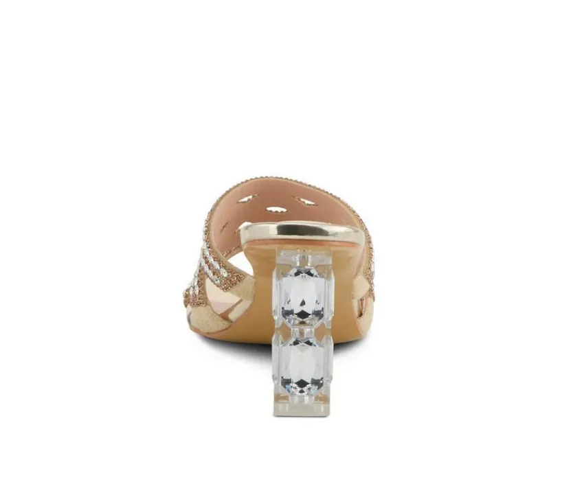 Shine bright with every step in this glamorous heeled sandal designed to steal the spotlight. Featuring sparkling rhinestone-covered straps and a bold lucite block heel with embedded crystals, it’s the perfect blend of elegance and edge. The open-toe slide design makes it easy to wear, while the cushioned footbed adds comfort to every formal occasion. Ideal for celebrations or nights out, this sandal delivers high-impact style without sacrificing ease.
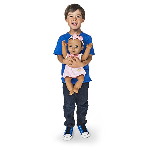Discover so many real baby surprises with Luvabella! From the moment she opens her eyes and giggles, Luvabella will amaze you with her true-to-life facial expressions and personality! She moves, talks and plays just like a real baby. Through touch and play she affectionately responds to your love! Cover her eyes for a game of peek-a-boo, tickle her tummy and toes to make her giggle, or place a hand on her chest to gently listen to her heartbeat. You can even hold her feet to hear her say “mama” and begin to babble! The more you play with her, the more she’ll talk! Her babble will transform into over 100 clear words and phrases! Caring for Luvabella is fun with her four interactive accessories! Use her spoon to feed her and she’ll chew with delight! If she’s not full, she may ask you for more! After her meal, help Luvabella learn new animal names and sounds with her Lamby toy! If she gets fussy, all she needs is her soother. When it’s time to go to bed after a big day of play, lull her to sleep with her bottle. Get to know all of Luvabella’s real baby surprises! Bring love home today!Feature
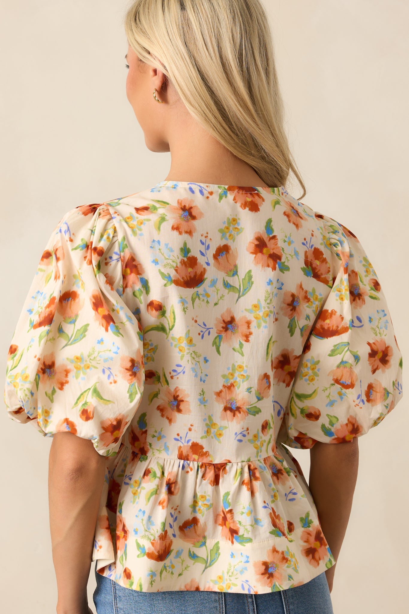 Beyond Compare Ecru Floral Cotton Bow Front Peplum Top
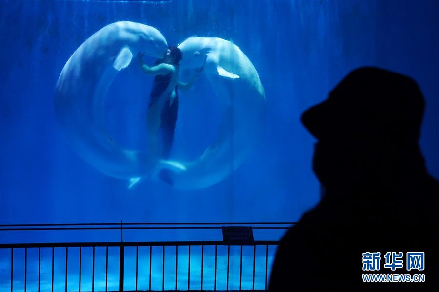 3月23日,游客在哈爾濱極地館觀賞白鯨表演。當(dāng)日,哈爾濱極地館恢復(fù)營業(yè)。目前,極地館日接待人數(shù)不超過400人,園區(qū)采取分時段、間隔性辦法安排游客有序入園。游客實名預(yù)訂門票,入園要配合測溫、佩戴口罩、掃描“龍江健康碼”,刷身份證入館。新華社記者王建威攝
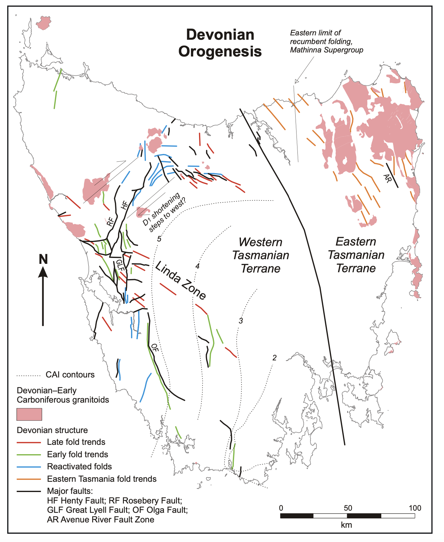 Day 2 will take us across the heart of Tasmania (See Fig. 1a), beginning with metamorphosed Cambrian volcanic and sedimentary rocks, coinciding with the Tyennan Orogeny. These rocks were deposited in the Dundas Trough (Fig. 3) and intruded by a granitic batholith as mountain building progressed.
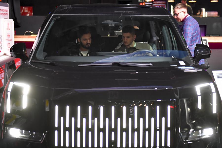Visitors check the interior of a vehicle from Chinese car brand Zeekr during the CarX exhibition-forum in Moscow, Russia, on Oct. 10, 2023. (Photo by Alexander Zemlianichenko Jr/Xinhua)
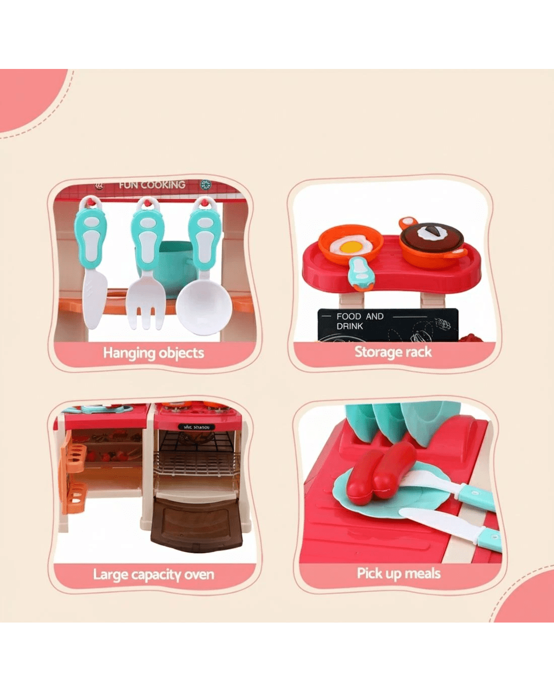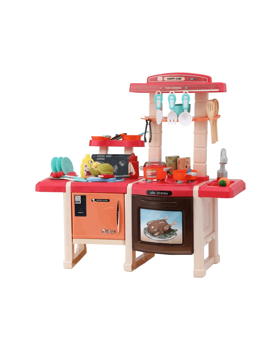 Our kitchen set is made from high-quality plastic with a smooth surface and rounded edges. It's sturdy and durable and just the right size for any three-year-old and above. The kitchen set comes with EN71 safety and quality approval and non-toxic paint finish for your child's safety. Now your young chefs can develop several basic life skills all while cooking and serving delicious meals for you. Go and get your kids in this Keezi's well-equipped kitchen today.
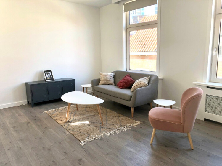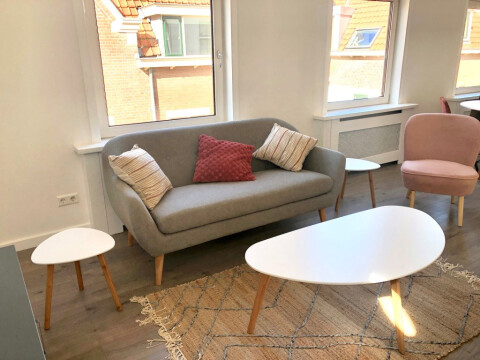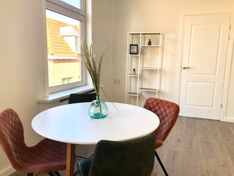 Spacious and bright fully renovated beach apartment located nearby the harbour and the beach of Scheveningen. The 1st floor loft, apartment consists of a spacious living room, open kitchen, two large bedrooms and bathroom. There is laminate flooring throughout and double glazed windows.
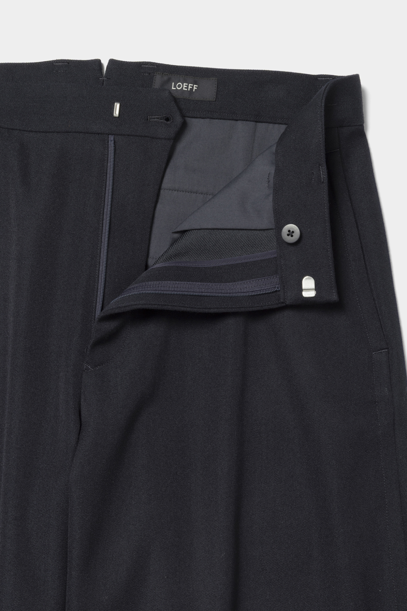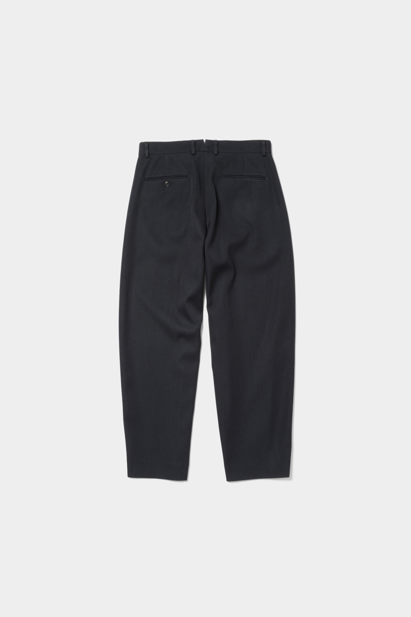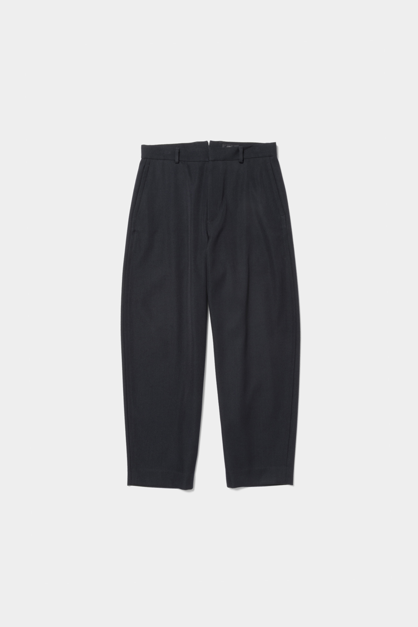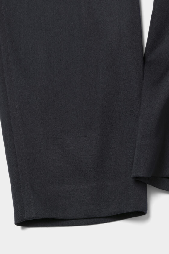 渡りのゆとりと膝下の収まり、その緩急のつけ方が非常に巧みです。太ももにボリュームを持たせつつ、裾にかけて自然にテーパードする構築で、どんな体型にもすっと馴染みます。ワイドでもストレートでも、はたまた単純なテーパードでもない。生地量が多くても重たく見えず、上品な佇まいを保つのは、この設計の妙だと思います。トレンドを超えて長く穿ける、完成度の高いパンツですね
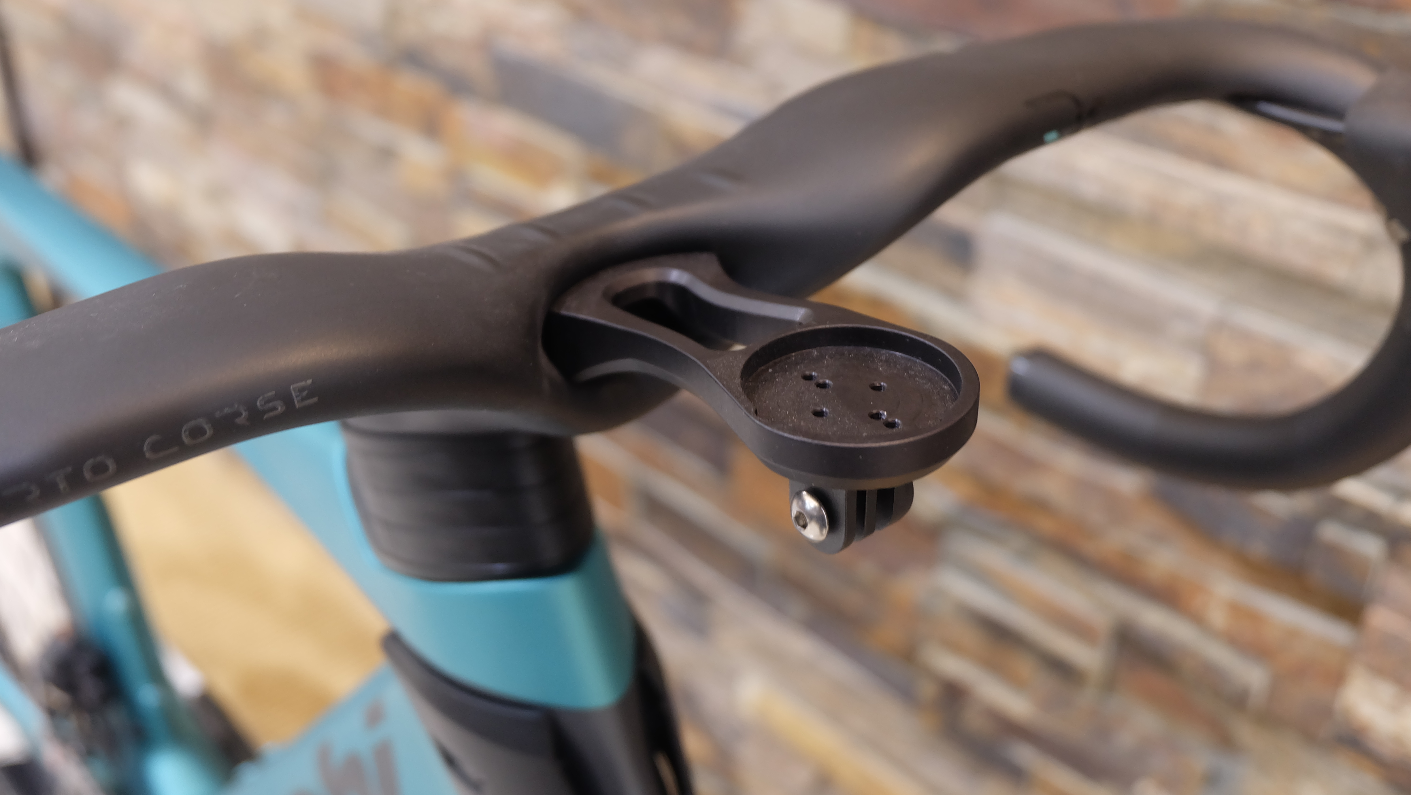 「どこにサイコンとライト取り付けるの?」と独特なハンドルを見て思うかもしれません。安心してください、Wahoo、Garminに対応したサイコンマウントが付属します。下にライトも取り付けられます。
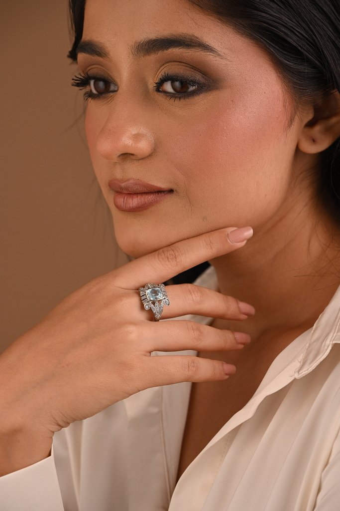 Crafted in sterling silver our hand crafted rings showcase unique flow and cuts. The central large semi precious stone is of AAA quality and is nestled between tiny
━━━━━━
The required output is the line containing "渡りのゆとりと膝下の収まり、" plus every line after it to the end of the data, copied exactly and with no pictures.

| Response to the exercise |
 渡りのゆとりと膝下の収まり、その緩急のつけ方が非常に巧みです。太ももにボリュームを持たせつつ、裾にかけて自然にテーパードする構築で、どんな体型にもすっと馴染みます。ワイドでもストレートでも、はたまた単純なテーパードでもない。生地量が多くても重たく見えず、上品な佇まいを保つのは、この設計の妙だと思います。トレンドを超えて長く穿ける、完成度の高いパンツですね
 「どこにサイコンとライト取り付けるの?」と独特なハンドルを見て思うかもしれません。安心してください、Wahoo、Garminに対応したサイコンマウントが付属します。下にライトも取り付けられます。
 Crafted in sterling silver our hand crafted rings showcase unique flow and cuts. The central large semi precious stone is of AAA quality and is nestled between tiny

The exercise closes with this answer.